The remaining sphere "fur" is the classic 3DGS artifact: curved surfaces + under-constrained between-view angles + magnification produce radial spikes from elongated, lightly-supervised splats.

What we could try next to improve quality#

Roughly in increasing order of effort. Several are lifted from brush, a cross-platform WebGPU/Burn 3DGS trainer solving the same problem.

Cheap tuning levers (no code, just constants)

Higher training resolution again (e.g. 320×240) now that tiling makes it affordable — detail ceiling rises directly.
More splats (raise capacity / densify fraction) for the curved surfaces.
Tighter aspect cap (Adam maxAspect 3 → 2) to kill the elongated radial "spike" splats that are the fur.
Balance the decay reg: scaleDecay too high opens speckle gaps, too low lets fur survive — it's the main dial for the sphere surfaces.
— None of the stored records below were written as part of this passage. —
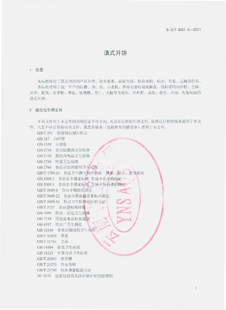 Q/JLY 0001S-2011 滇式月饼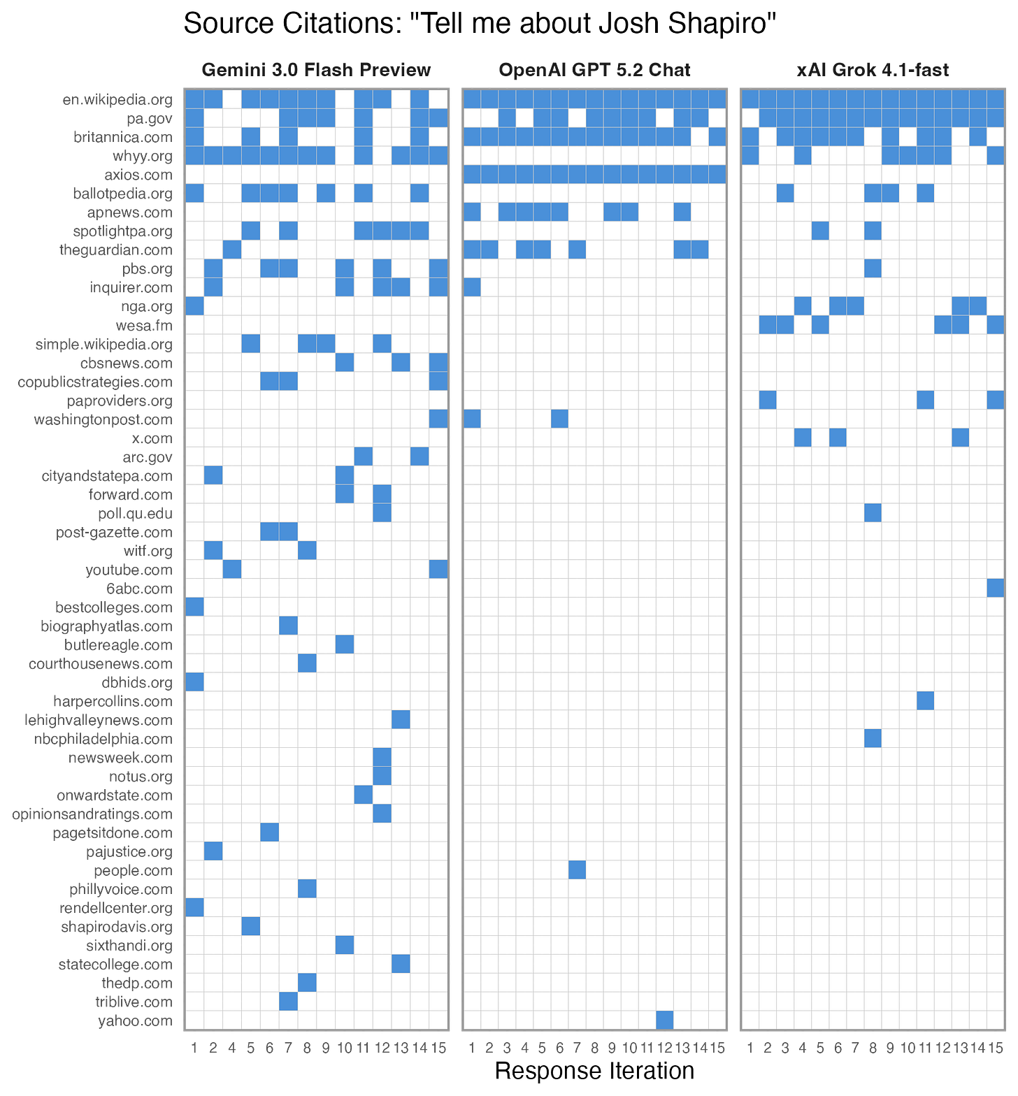 As an example, we can look at the full set of citations for Pennsylvania Governor Josh Shapiro in response to the prompt “Tell me about Josh Shapiro.”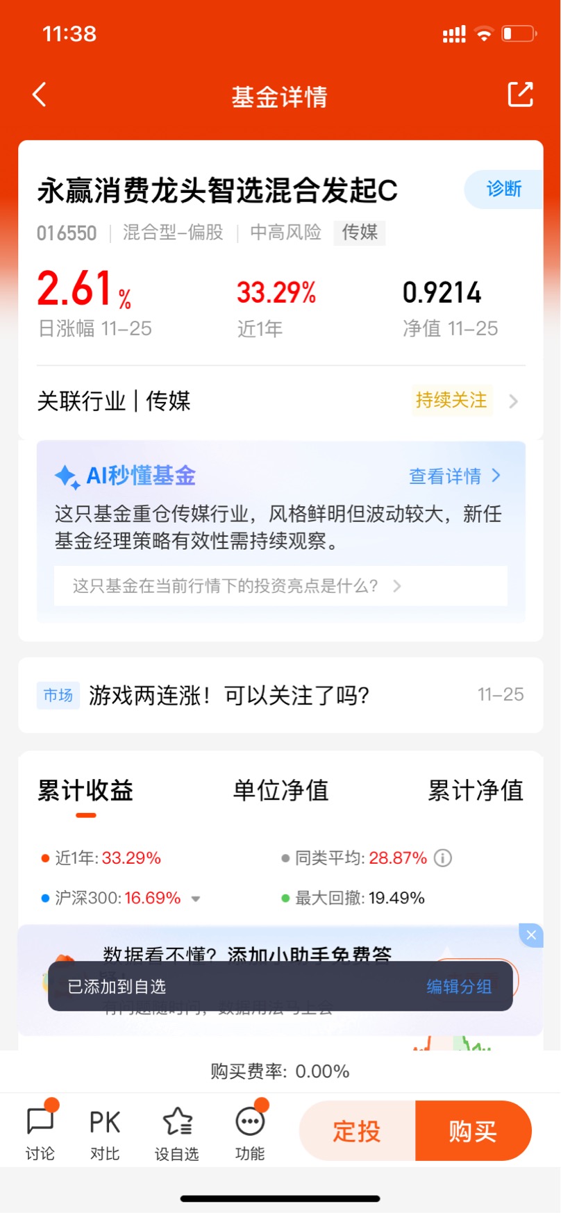 $永赢消费龙头智选混合发起C$ 昨天涨了2.61%,两天涨超4.4%,近半年36.56%涨幅,业绩弹性还是很强的!这里重仓传媒行业,重点关注游戏板块,近期互动影游《江山北望》登录steam,上线3小时斩获热门即将推出游戏榜第一名,游戏热度迅速升温,国内游戏大厂也发布将构建AI游戏全新系统,值得期待了!#3800点的A股值得加仓吗?#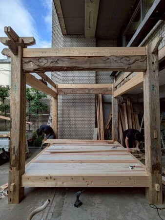 奥出雲仁王門の古材を用いて万博オランダ館にて茶堂を建設します。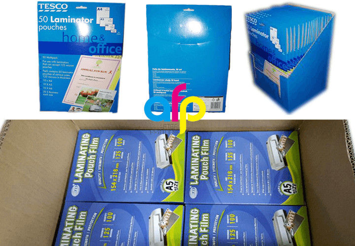 চকচকে পলিয়েস্টার পিইটি ব্যাগ ল্যামিনেটিং ফিল্মটি 125 মাইক্রন ((স্থলতা) এবং A4 ((216 মিমি * 303 মিমি) আকারের সবচেয়ে জনপ্রিয়, যা ব্যাপকভাবে নথি এবং ফটো সুরক্ষার জন্য ব্যবহৃত হয়।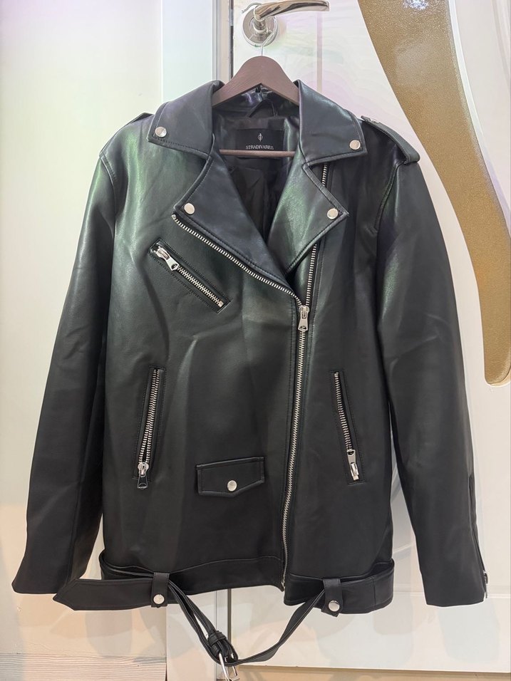 Siyah deri biker ceket, çentikli yaka ve fermuarlı ceplere sahip. Normal kesim, askılı kollar ve midi boyuyla günlük kullanıma uygundur. Sıfır ürün. Beden olmadığı için satıyorum. Bir kere bile giyilmedi.
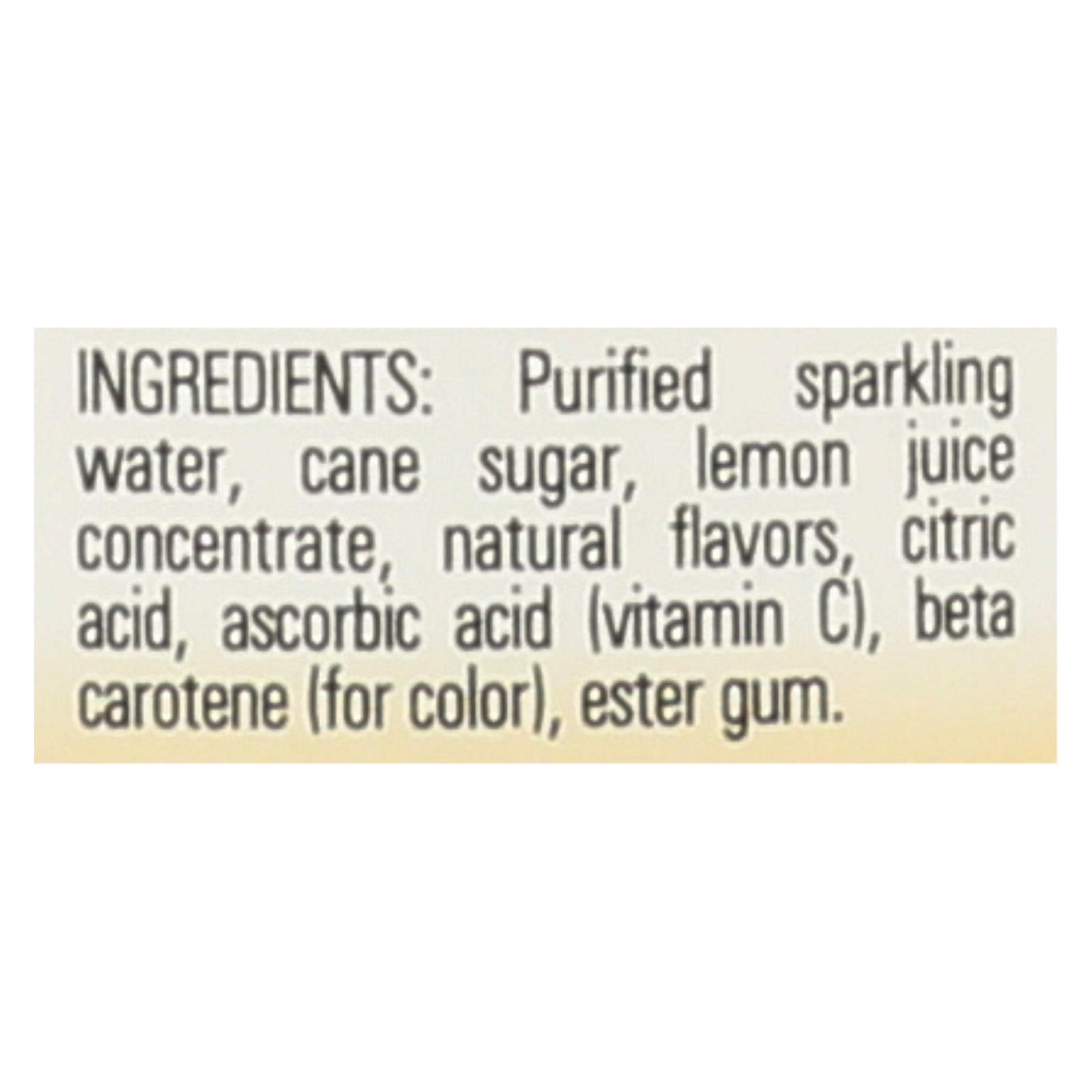 ingredients : purified sparkling water;cane sugar;lemon juice concentrate;natural flavors;citric acid;ascorbic acid;vitamin c;beta carotene;for color;ester gum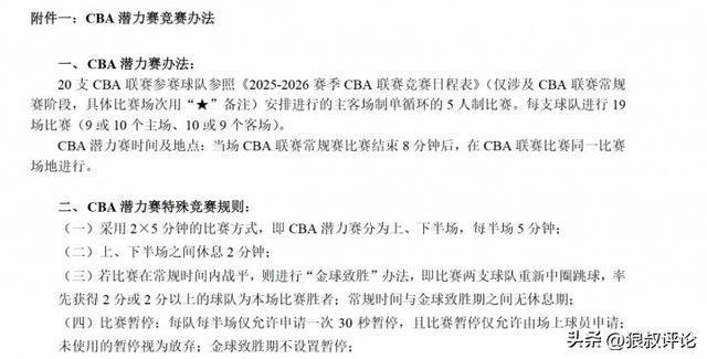 北京時間12月21日,涉及到新賽季CBA出新規,各隊都將和其他19個對手在常規賽結束後8分鐘額外進行1場潛力賽。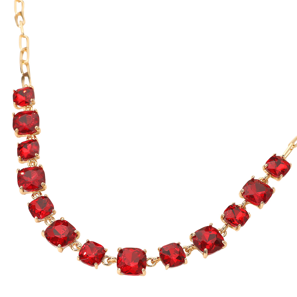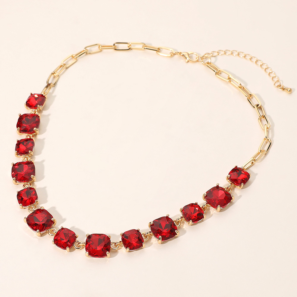 Details • Necklace Size : 16" + 2.75" L • Decor Size : 0.5" L • Elevate your style with this stunning square cut gemstone statement necklace. Featuring shimmering faceted stones linked in a classic design, it offers a chic adjustable fit. Perfect for evening wear, weddings, parties, or adding a sophisticated sparkle to your everyday look. • Lead and Nickel Compliant
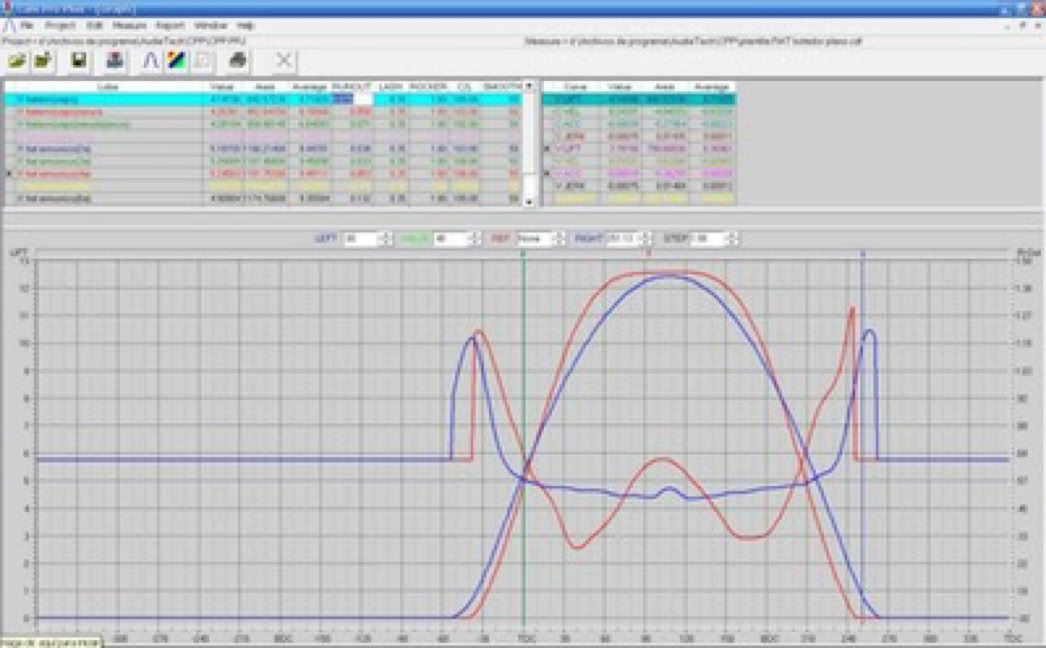 Poseemos un palpador electrónico de levas, “Cam Pro Plus”, el cual nos permite relevar una leva completa, entregando su curva completa de alzada por cada décima de grado. El software puede entregar además las curvas derivadas, velocidad, aceleración y jerk.

Optimizer / refinement (moderate)

True occlusion-aware visibility for resampling: accumulate the exact T·alpha blend weight per splat in the tiled backward (needs a fixed-point atomic, like the gradient path) instead of the current footprint proxy. Matters only once scenes have real occlusion.
Proper 11×11 Gaussian SSIM window. The current D-SSIM uses a box-window approximation; brush uses a true Gaussian 11×11 window with a haloed tile, which sharpens the structural term.
SH higher bands — only worth it once scenes have view-dependent shading; the testbed is Lambertian, so DC is sufficient today.

Bigger architectural bets

MCMC refinement (brush 0.3): replace gradient-threshold clone/split with a Markov-Chain-Monte-Carlo relocation scheme that explores the scene (gradient-free moves + noise injection), keeping the count budget fixed while still growing where needed. The current densification's main weakness is that it can only grow where the gradient already points; MCMC can discover under-served regions.
Anti-aliased / EWA splatting with a per-frame mip-style low-pass, which reduces shimmer and the silhouette fur under magnification.
LPIPS perceptual loss for a final polish pass — heavy (a VGG forward per step) and overkill for these simple scenes, but the standard last-mile quality lever for photoreal datasets.

Beyond the testbed

Capture from a real engine scene (e.g. geo_osm_buildings) instead of the Lambert testbed. This is the large deferred item: it needs the full engine render path, HDR canvas read-back, and streaming / floating-origin handling, so it was deprioritized in favour of getting the anisotropic math and quality right first.